BEGIN GIVEN DATA

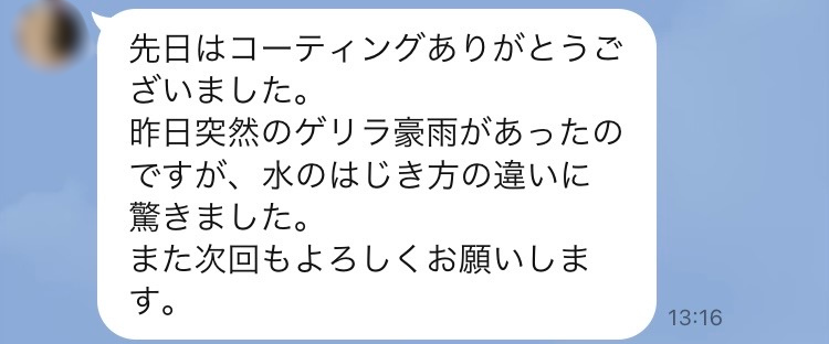 | ご来店時のお悩み | ボディのツヤ、撥水 |
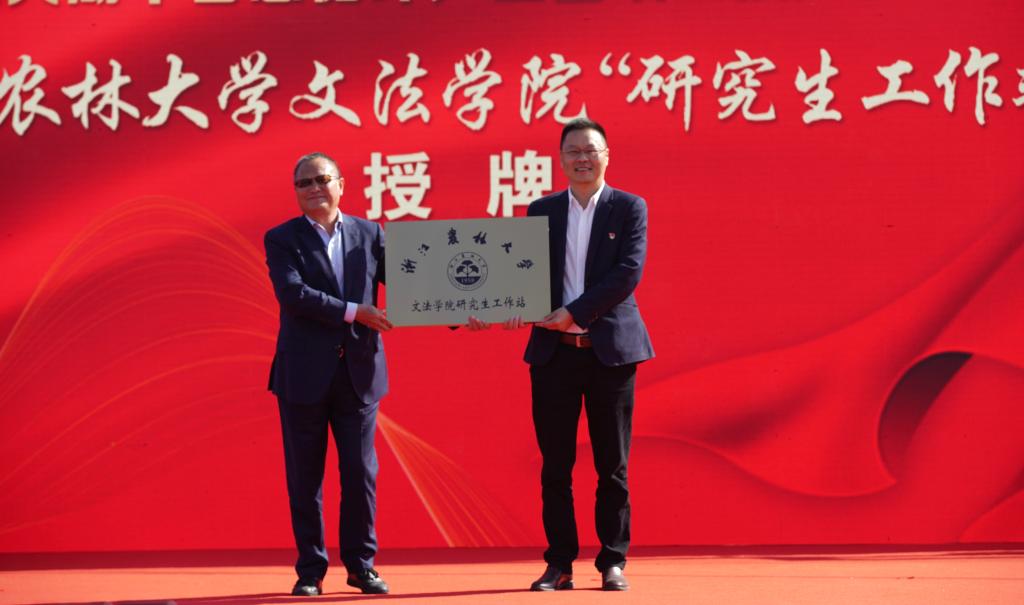 仪式上,学校社会合作处与长兴县吕山乡签署校地合作协议,文法学院为吕山乡授牌,共建“研究生工作站”。
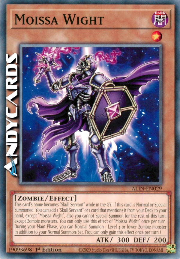 This card's name becomes "Skull Servant" while in the GY. If this card is Normal or Special Summoned: You can add 1 "Skull Servant" or 1 card that mentions it from your Deck to your hand, except "Moissa Wight", also you cannot Special Summon for the rest of this turn, except Zombie monsters. You can only use this effect of "Moissa Wight" once per turn. During your Main Phase, you can Normal Summon 1 Level 4 or lower Zombie monster in addition to your Normal Summon/Set. (You can only gain this effect once per turn.)
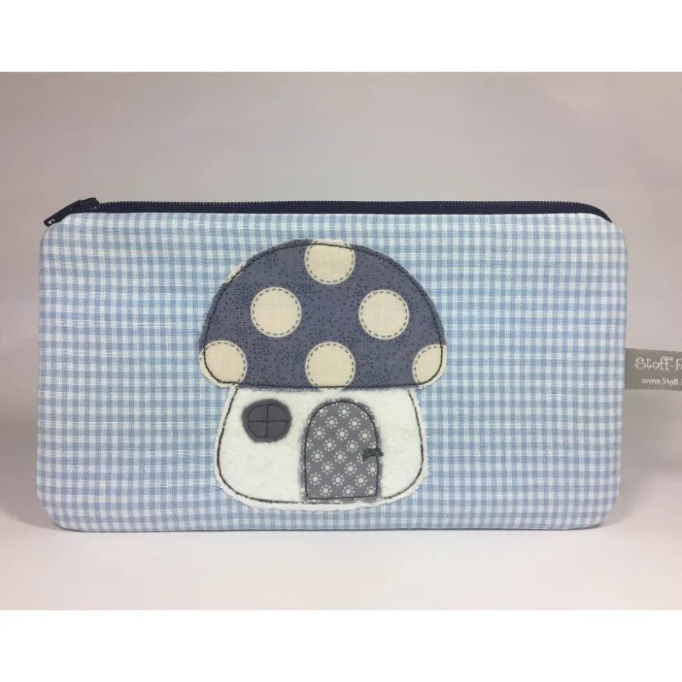 Appliziertes Pilzhäuschen auf hellblauem Vichykaro.

END GIVEN DATA

Retype exactly, and only, the lines from the one containing "仪式上,学校社会合作处与长兴" through the end of the material, leaving aside every picture.

**TASK OUTPUT**
 仪式上,学校社会合作处与长兴县吕山乡签署校地合作协议,文法学院为吕山乡授牌,共建“研究生工作站”。
 This card's name becomes "Skull Servant" while in the GY. If this card is Normal or Special Summoned: You can add 1 "Skull Servant" or 1 card that mentions it from your Deck to your hand, except "Moissa Wight", also you cannot Special Summon for the rest of this turn, except Zombie monsters. You can only use this effect of "Moissa Wight" once per turn. During your Main Phase, you can Normal Summon 1 Level 4 or lower Zombie monster in addition to your Normal Summon/Set. (You can only gain this effect once per turn.)
 Appliziertes Pilzhäuschen auf hellblauem Vichykaro.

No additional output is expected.